No plan for climate change in updated Reef 2050 Plan

The Australian Marine Conservation Society (AMCS) says the updated Reef 2050 Plan released yesterday contains no new action to tackle the threat of climate change, despite accepting that global warming is the biggest threat to our Great Barrier Reef.

A Giant sea turtle in the Great Barrier Reef (Image Credit: Shutterstock).

The Australian Marine Conservation Society (AMCS) says the updated Reef 2050 Plan released yesterday contains no new action to tackle the threat of climate change, despite accepting that global warming is the biggest threat to our Great Barrier Reef.

The updated plan acknowledges there is ‘a critical window of opportunity to take the actions needed to sustain the Reef’, but the plan relies on other countries to do the heavy lifting to limit global warming to 1.5°C above pre industrial levels.

“As far as climate change is concerned, this is a Plan without a plan,” said Imogen Zethoven, Director of Strategy at AMCS.

“There is still a gaping climate change policy hole at a Federal level, and this urgently needs to be addressed in the Reef 2050 Plan. Currently it’s all talk and no action.

“Australia’s policies are on track for a world 3°C warmer. We know that our Reef won’t survive beyond 2°C. The Reef 2050 Plan was an opportunity to change direction, but this draft misses that opportunity. It must be corrected in the final plan – incredible Reef wildlife and tens of thousands of jobs in the tourism industry depend on it.

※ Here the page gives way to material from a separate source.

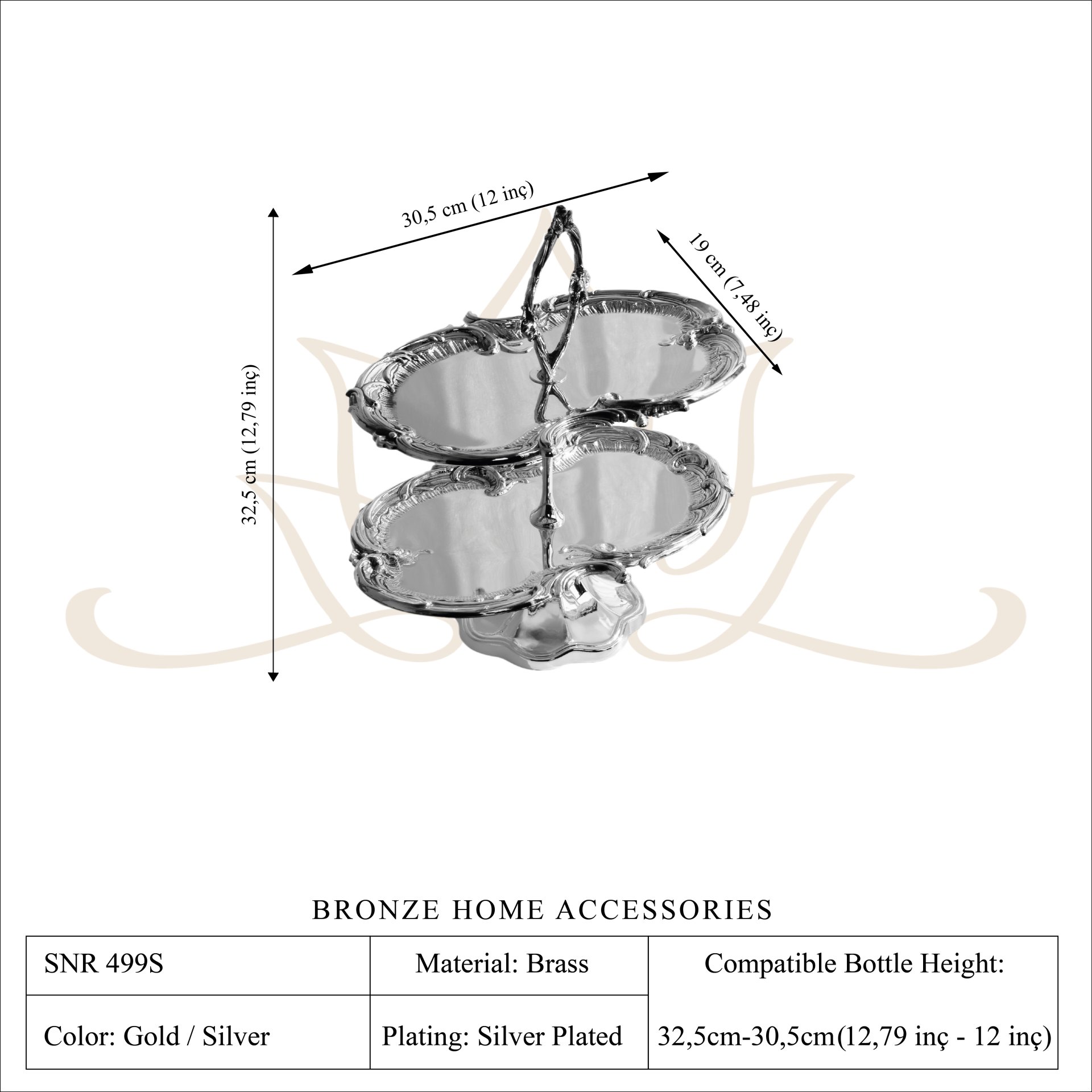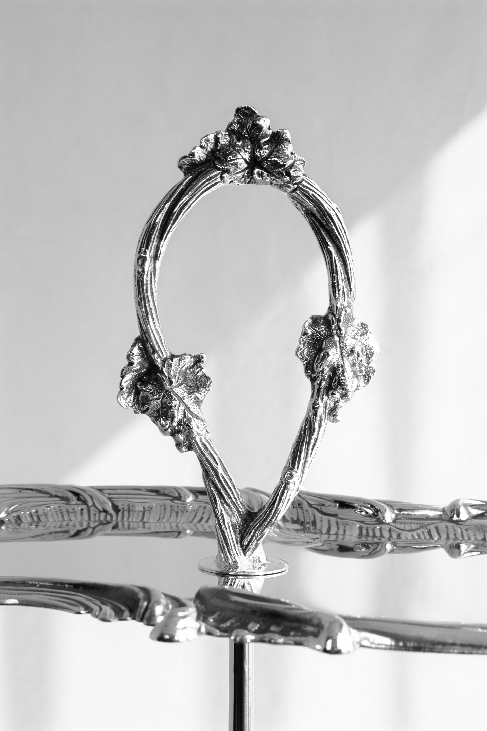 The ornate edges and polished brass finish reflect classic craftsmanship while adding a luxurious character to the piece. Its vertical design allows multiple servings to be presented beautifully without occupying excessive table space, making it both practical and decorative.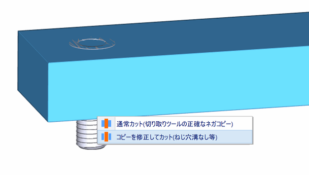 いくつかの機械部品は他のソリッドの切り取りツールとして定義できます。例えば、ねじ穴を作成したい場合、切り取りツールとしてねじを使用し、ねじの円筒部分の正確なネガコピーで、穴を作成できます。"コピーを修正してカット"を選択した場合、ねじの直径よりも大きい直径の穴が作成されます。穴の直径は、ねじの直径に関連付いた規格に従って設定されます。論理演算に関する詳細は、 論理演算 をご覧ください。

“To preserve our wonderful Reef for future generations, we need to cut our emissions now. We must reject any further growth of coal, oil and gas and commit to transitioning to 100% renewables over the next decade. Sadly, due to past inaction, we will keep seeing the devastating mass bleaching events that have beset our international icon in recent years, but we can reduce their severity and frequency over time if we act now.”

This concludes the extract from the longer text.